In 1988, rookie New York City Police Department officer Edward Byrne, who graduated from Bay Ridge’s Xaverian High School, was assassinated on the orders of a drug kingpin. Byrne’s father gave Bush his son’s badge, and the life-long statesman carried it with him while campaigning for president that year, and later kept it in his White House desk.
Bush — a class act in his personal, military, and political lives — never forgot Byrne. And the borough will always remember him for that.
Much like his presidential predecessor Ronald Reagan, Bush inspired a new generation to join the GOP because of his leadership. When Reagan died in June 2004, I vividly remember talking to my friend Nicole Malliotakis, now a Republican Assemblywoman, on the telephone for hours while we both teared up watching his funeral services on television. She and I reflected on Reagan’s significant positive contributions to our nation and world, and his impact on us becoming Republicans.
This week, following Bush’s death, there are many Americans with similar stories and wet eyes as well.
Bush was a beloved husband, father, and grandfather. He was married to his wife Barbara for more than seven decades before she died in April. Many say that when someone loses his or her life companion at an older age, that person is soon called to join their loved one in the after-life. So, perhaps it should not be surprising that only seven months after Barbara passed away, former President Bush joined her for eternity.
Bush, or “41,” served as Reagan’s loyal vice president for eight years before becoming the first sitting vice president to assume the presidency since Vice President Martin Van Buren succeeded President Andrew Jackson in 1836. And Bush and his son, former President George W. Bush, were only the second father-and-son pair to occupy the Oval Office, along with John Adams and John Quincy Adams.
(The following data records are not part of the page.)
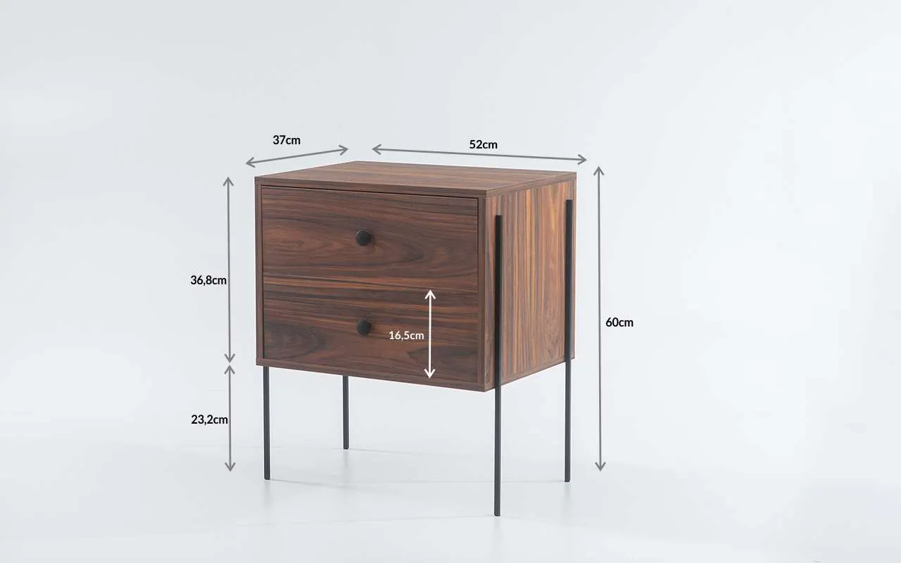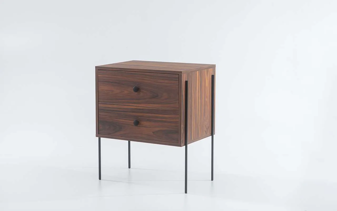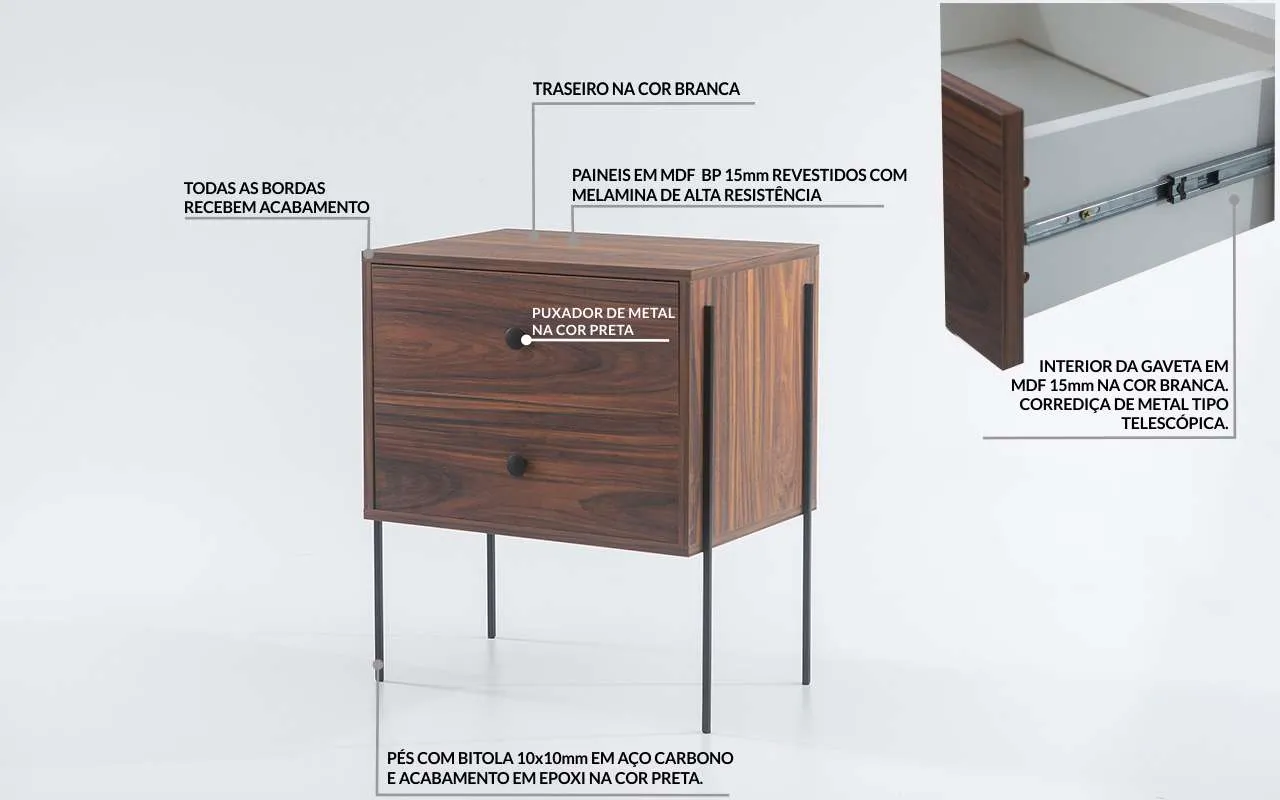 Outro detalhe maravilhoso desta mesinha de cabeceira é que trouxemos para ela pézinhos de aço carbono com acabamento em époxi na cor preta.
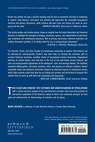 Revolutions are a commonly studied but only vaguely understood historical phenomenon. This clear and concise text extends our understanding with a critical narrative analysis of key case studies: the 1910-1920 Mexican Revolution; the 1944-1954 Guatemalan Spring; the 1952-1964 MNR-led revolution in Bolivia; the Cuban Revolution that triumphed in 1959; the 1970-1973 Chilean path to socialism; the leftist Sandinistas in Nicaragua in power from 1979-1990; failed guerrilla movements in Colombia, El Salvador, and Peru; and the Bolivarian Revolution in Venezuela after Hugo Chavez’s election in 1998. Historian Marc Becker opens with a theoretical introduction to revolutionary movements, including a definition of what “revolution” means and an examination of factors necessary for a revolution to succeed. He analyzes revolutions through the lens of those who participated and explores the sociopolitical conditions that led to a revolutionary situation, the differing responses to those conditions, and the outcomes of those political changes. Each case study provides an interpretive explanation of the historical context in which each movement emerged, its main goals and achievements, its shortcomings, its outcome, and its legacy. The book concludes with an analysis of how elected leftist governments in the twenty-first century continue to struggle with issues that revolutionaries confronted throughout the twentieth century.
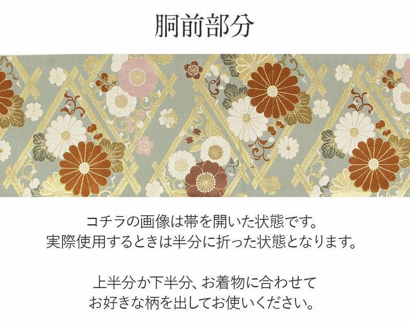 他の画像を見る 《お仕立て上り》【最短日お届け】振袖などのフォーマルなお着物に 袋帯 振袖用 帯 成人式 グリーン 菊 梅 桜 西陣織 大光織物 仕立て上がり 当店特別価格 ¥ 39,600 税込 カートに入れる お気に入りに登録する
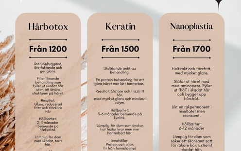 Hos oss kan du också boka behandlingar som lash & browlift, keratin och hårbotox alltid utförda med högsta omsorg.

One could easily make the argument that Bush Senior was the most successful one-term president in our nation’s history. After all, who can forget his “This will not stand” declaration following Saddam Hussein’s 1990 invasion of Kuwait — or, more significantly, his forging of one of the most impressive international military coalitions to carry out that promise. Bush also managed the successful end of the Cold War, and oversaw the fall of the Berlin Wall, in his four years in office.
The elder Bush understood he was about to lead a new world order when he said in his 1989 inaugural address, “For a new breeze is blowing, and a world refreshed by freedom seems reborn; for in man’s heart, if not in fact, the day of the dictator is over. The totalitarian era is passing, its old ideas blown away like leaves from an ancient, lifeless tree. A new breeze is blowing, and a nation refreshed by freedom stands ready to push on. There is new ground to be broken, and new action to be taken.”
Indeed, Bush took those actions in Kuwait, as well as in Panama, when he gave the order to remove that country’s then dictator Manuel Noriega from power during “Operation Just Cause,” and in the Soviet Union, by developing a new relationship with its then leader Mikhail Gorbachev.
The 41st commander-in-chief always had the respect of those he led, because he was one of them. On his 18th birthday, Bush enlisted in the U.S. Navy — despite his family’s wealth and the cushy private life it could have bankrolled — and went on to serve in World War II as one of that military branch’s youngest aviators.
He also reminded many folks of a time when politics was not just us versus them and a zero-sum game between political parties.
His character and patriotism can be gleaned in the traditional note an outgoing president leaves his successor, when Bush wrote to Bill Clinton in 1993, “You will be our President when you read this note. I wish you well. I wish your family well. Your success now is our country’s success. I am rooting hard for you.”
May we hope that Bush’s legacy is a reminder to all Americans that patriotism should always come before party politics.
Bob Capano is the chairman of the Brooklyn Reform Party and is a professor of political science.